Object level = stuff we actually went out and did = integral of cognition+metaknowledge+knowledge(current solutions); over a short timescale this tends to be smoothly exponential to the degree that the people involved understand the idea of investments competing on the basis of interest rate, but over medium-range timescales the exponent varies, and on a long range the exponent seems to increase

If you were to summarize that in one breath, it would be, "with constant natural selection pushing on brains, progress was linear or mildly accelerating; with constant brains pushing on metaknowledge and knowledge and object-level progress feeding back to metaknowledge and optimization resources, progress was exponential or mildly superexponential".

Now fold back the object level so that it becomes the metacognitive level.

And note that we're doing this through a chain of differential equations, not just one; it's the final output at the object level, after all those integrals, that becomes the velocity of metacognition.

You should get...

...very fast progress? Well, no, not necessarily.

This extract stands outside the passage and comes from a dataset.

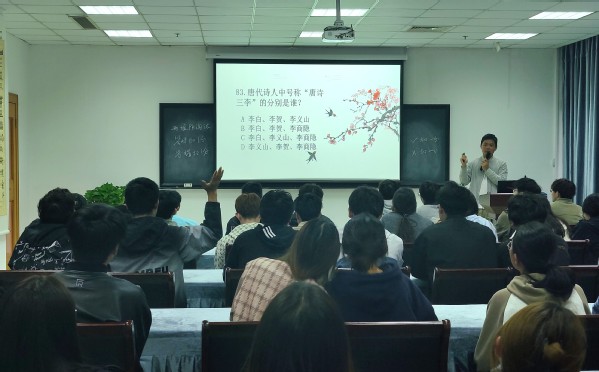 为提高大学生阅读素养,弘扬中华传统文化,提升校园文化氛围,值图书馆资源推广月期间,桃子视频 图书馆联合墨竹读书协会以及北京万物可知技术有限公司举办图书馆第一届古典文化知识挑战赛活动。挑战赛以古典文化知识为题库,通过选择题轮流答题和填空题抢答展开。

You can also get nearly zero progress.

If you're a recursified optimizing compiler, you rewrite yourself just once, get a single boost in speed (like 50% or something), and then never improve yourself any further, ever again.

If you're EURISKO, you manage to modify some of your metaheuristics, and the metaheuristics work noticeably better, and they even manage to make a few further modifications to themselves, but then the whole process runs out of steam and flatlines.

It was human intelligence that produced these artifacts to begin with. Their own optimization power is far short of human - so incredibly weak that, after they push themselves along a little, they can't push any further. Worse, their optimization at any given level is characterized by a limited number of opportunities, which once used up are gone - extremely sharp diminishing returns.

When you fold a complicated, choppy, cascade-y chain of differential equations in on itself via recursion, it should either flatline or blow up. You would need exactly the right law of diminishing returns to fly through the extremely narrow soft takeoff keyhole.

The observed history of optimization to date makes this even more unlikely. I don't see any reasonable way that you can have constant evolution produce human intelligence on the observed historical trajectory (linear or accelerating), and constant human intelligence produce science and technology on the observed historical trajectory (exponential or superexponential), and fold that in on itself, and get out something whose rate of progress is in any sense anthropomorphic. From our perspective it should either flatline or FOOM.

When you first build an AI, it's a baby - if it had to improve itself, it would almost immediately flatline. So you push it along using your own cognition, metaknowledge, and knowledge - not getting any benefit of recursion in doing so, just the usual human idiom of knowledge feeding upon itself and insights cascading into insights. Eventually the AI becomes sophisticated enough to start improving itself, not just small improvements, but improvements large enough to cascade into other improvements. (Though right now, due to lack of human insight, what happens when modern researchers push on their AGI design is mainly nothing.) And then you get what I. J. Good called an "intelligence explosion".

I even want to say that the functions and curves being such as to allow hitting the soft takeoff keyhole, is ruled out by observed history to date. But there are small conceivable loopholes, like "maybe all the curves change drastically and completely as soon as we get past the part we know about in order to give us exactly the right anthropomorphic final outcome", or "maybe the trajectory for insightful optimization of intelligence has a law of diminishing returns where blind evolution gets accelerating returns".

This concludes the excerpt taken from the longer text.